Another classic technique to optimize a prime test is to check for factors less than or equal to the square root of the number. The reason this works is that if a factor of our number, n, is larger than the square root of n, we will find the other factor has to be smaller than the square root of n, and will thus be detected.

sum=2
for (( i=3; i<2000; i+=2 )); do
    prime=1
    for (( d=2; d*d<=$i; d++ )); do
    if [ $(($i % $d)) -eq 0 ]; then
        prime=0
        break;
    fi
    done
    if [ $prime -eq 1 ]; then
    sum=$(($sum + $i))
    fi
done
echo $sum

These two changes alone bring our compute time down to .319 seconds for primes under 2,000! I still wouldn’t recommend trying computing all primes under 2,000,000. I tried, and killed it after 3 days without a result!

Sieve of Eratosthenes

Prime sieves are a super fast way of computing prime numbers without having to do any division. This method is attributed to Eratosthenes of Cyrene, a Greek mathematician living about 200 BC. (You can read more about the history on Wikipedia).

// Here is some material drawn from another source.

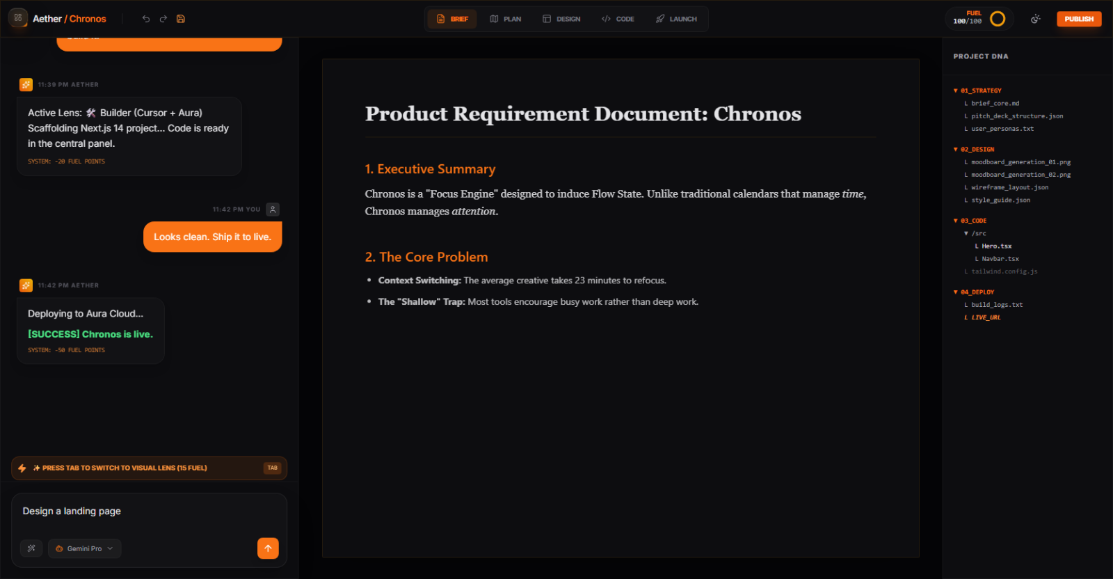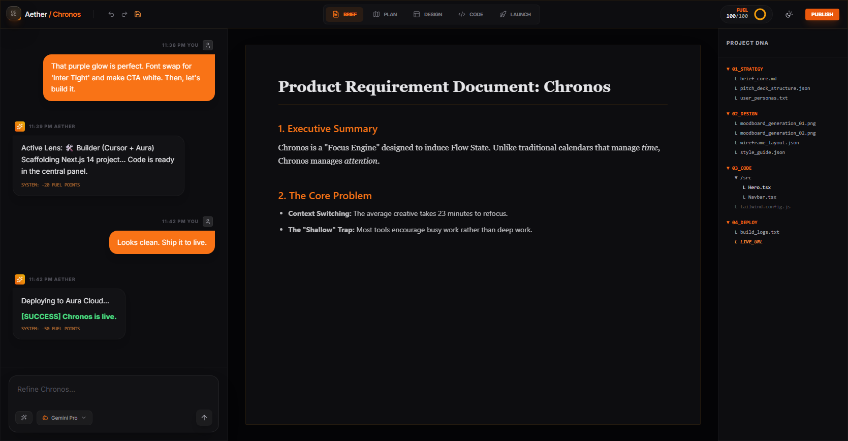 The Product: Aether is a Unified AI Operating System that aggregates disparate models (GPT-4, Claude, Midjourney, Cursor) into a single workspace. It abstracts API costs into a universal currency and maintains persistent context across the entire product lifecycle.

Basically, you have an array of every number you want to check. Start by making each element of the array equal to 1, indicating it is a prime. Go through the array, starting at two. Whenever you hit a value that is 1, mark all the multiples of that value as 0’s. So, we look at element 2, which is prime because it’s value is 1. element whose index is a multiple of 2 should then get marked as 0, since that cannot be prime. You then advance to the next element, and repeat until you’ve visited every number in the array.

limit=2000
primes[$limit]=0
primeList[0]=2
primeIndex=0
sum=0
for (( i=2; i<$limit; i++ )); do
    if [[ ${primes[$i]} -eq \0 ]]; then
        sum=$(($sum+$i))
        primeList[$primeIndex]=$i
        primeIndex=$(($primeIndex+1))
        for (( n=$i; n<$limit; n+=$i )); do
            primes[$n]=1
        done
    fi
done

echo $sum

Implementing this method definitely improves results for our benchmark of primes less than 2,000; .186 seconds! However, this approach does not scale up to the desired 2,000,000 because Bash arrays are super slow as they get larger. Even though this approach worked great in our benchmark, it will still take upwards of 3 days to complete for all the primes under 2,000,000.

Combination of Methods

By using a sieve method combined with our optimized method, I was able to finally get the correct answer in 34 minutes using a Bash script.

I used a sieve to generate the primes between 1 and sqrt(2000000). This was fast since the array wasn’t nearly as big. I then used the array of primes that I generated to check every odd number between 2 and 2,000,000.

Another shortcut to reduce computation is to make a second array containing the squares of each prime. This means that we don’t need to perform multiplication in each loop when we are checking for primality.

limit=2000000
sum=0

# Generate primes up to sqrt of 2000000 using sieve
primeLimit=$(echo "scale=0;sqrt($limit*2)" | bc)
primes[$primeLimit]=0
primeList[0]=2
primeListSquared[0]=4
primeIndex=0
for (( i=2; i<$primeLimit; i++ )); do
    if [[ ${primes[$i]} -eq \0 ]]; then
        sum=$(($sum+$i))
        primeList[$primeIndex]=$i
        primeListSquared[$primeIndex]=$i*$i
        primeIndex=$(($primeIndex+1))
        for (( n=$i; n<$primeLimit; n+=$i )); do
            primes[$n]=1
        done
    fi
done

# Make sure primeLimit is an odd number
[[ $(($primeLimit % 2)) -eq 0 ]] && primeLimit=$(($primeLimit + 1))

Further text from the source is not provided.